Yang Hanteng, Ren Yanxian, Yu Zeyuan, Zhou Huinian, Zhang Shuze, Luo Changjiang, Jiao Zuoyi
Department of General Surgery, Lanzhou University Second Hospital, No.82 Cuiyingmen, Lanzhou, 730030, Gansu, China.
Cuiying Biomedical Research Center, Lanzhou University Second Hospital, No.82 Cuiyingmen, Lanzhou, 730030, Gansu, China.
BMC Surg. 2020 Jul 28;20(1):170. doi: 10.1186/s12893-020-00828-2.
Pancreatic fistula is a common complication after pancreaticoduodenectomy, which could be caused by: soft pancreatic tissue, pancreatic duct diameter < 3 mm and body mass index ≥25 kg/m. Here we report a case of pancreatic fistula due to obstruction of the jejunal loop due to compression of the jejunal loop by the superior mesenteric vessels.

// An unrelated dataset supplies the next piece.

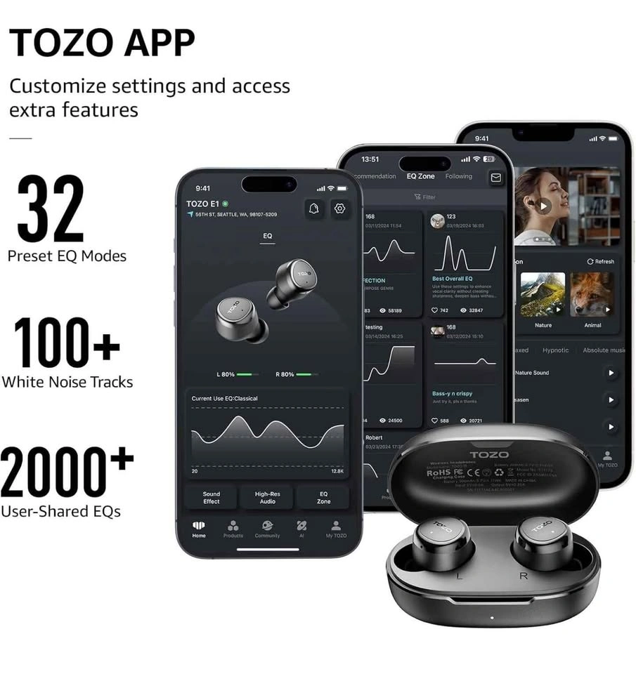 Wireless Earbuds Build in Mic Clear Calls Ergonomic Light Weight Bluetooth 5.3 in Ear Headphones IPX6 Waterproof Premium Stereo Sound Ear Buds 30H Playtime with 32 EQs via APP, Black

A 68-year-old man was admitted to our ward due to intermittent epigastric distension and pain. After various examinations and treatments, he was diagnosed with middle bile duct cancer. Pancreaticoduodenectomy was performed, and pancreaticojejunostomy and hepaticojejunostomy were completed by lifting the jejunal loop from behind the superior mesenteric vessels to the upper region of the colon. On postoperative day 9, the patient developed acute diffuse peritonitis, and on postoperative day 10, the patient underwent a second exploratory laparotomy, during which it was confirmed that the pancreatic fistula was caused by obstruction of the jejunal loop due to compression of the jejunal loop by the superior mesenteric vessels, then the patient recovered and was discharged alive after retrograde drainage in the jejunum.

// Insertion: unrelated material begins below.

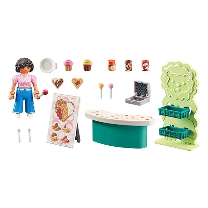 Slik gør livet sødere! PLAYMOBIL-slikboden tiltrækker store og små med friske vafler, cupcakes og slikkepinde. Uanset om vaflerne serveres med flormelis, æblemos eller chokoladecreme, er de simpelthen lækre! Efter sådan en godbid bliver det dobbelt så sjovt at shoppe.

The superior mesenteric vessels after pancreaticoduodenal surgery can compress the jejunal loop and cause obstruction leading to serious complications, and it is recommended that general surgeons should avoid lifting the jejunal loop from the posterior aspect of the superior mesenteric vessels to complete the anastomosis.

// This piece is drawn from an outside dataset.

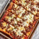 This School Cafeteria Pizza recipe replicates the classic, chewy crust and simple toppings beloved by students nationwide. Featuring a soft, slightly sweet dough made with instant non-fat dry milk and baked in a sheet pan, this pizza offers an easy, crowd-pleasing meal perfect for a family dinner or group gathering.

胰瘘是胰十二指肠切除术后的常见并发症,其可能由以下因素引起:胰腺组织质地柔软、胰管直径<3mm以及体重指数≥25kg/m²。在此,我们报告一例因肠系膜上血管压迫空肠袢导致空肠袢梗阻而引发胰瘘的病例。
一名68岁男性因间歇性上腹部胀痛入院。经过各项检查及治疗,被诊断为中段胆管癌。实施了胰十二指肠切除术,并通过将空肠袢从肠系膜上血管后方提起至结肠上方区域完成了胰空肠吻合术和肝空肠吻合术。术后第9天,患者出现急性弥漫性腹膜炎,术后第10天,患者接受了第二次剖腹探查术,术中证实胰瘘是由于肠系膜上血管压迫空肠袢导致空肠袢梗阻所致,随后患者在进行空肠逆行引流后康复并存活出院。
胰十二指肠手术后肠系膜上血管可压迫空肠袢并导致梗阻,进而引发严重并发症,建议普通外科医生避免从肠系膜上血管后方提起空肠袢来完成吻合术。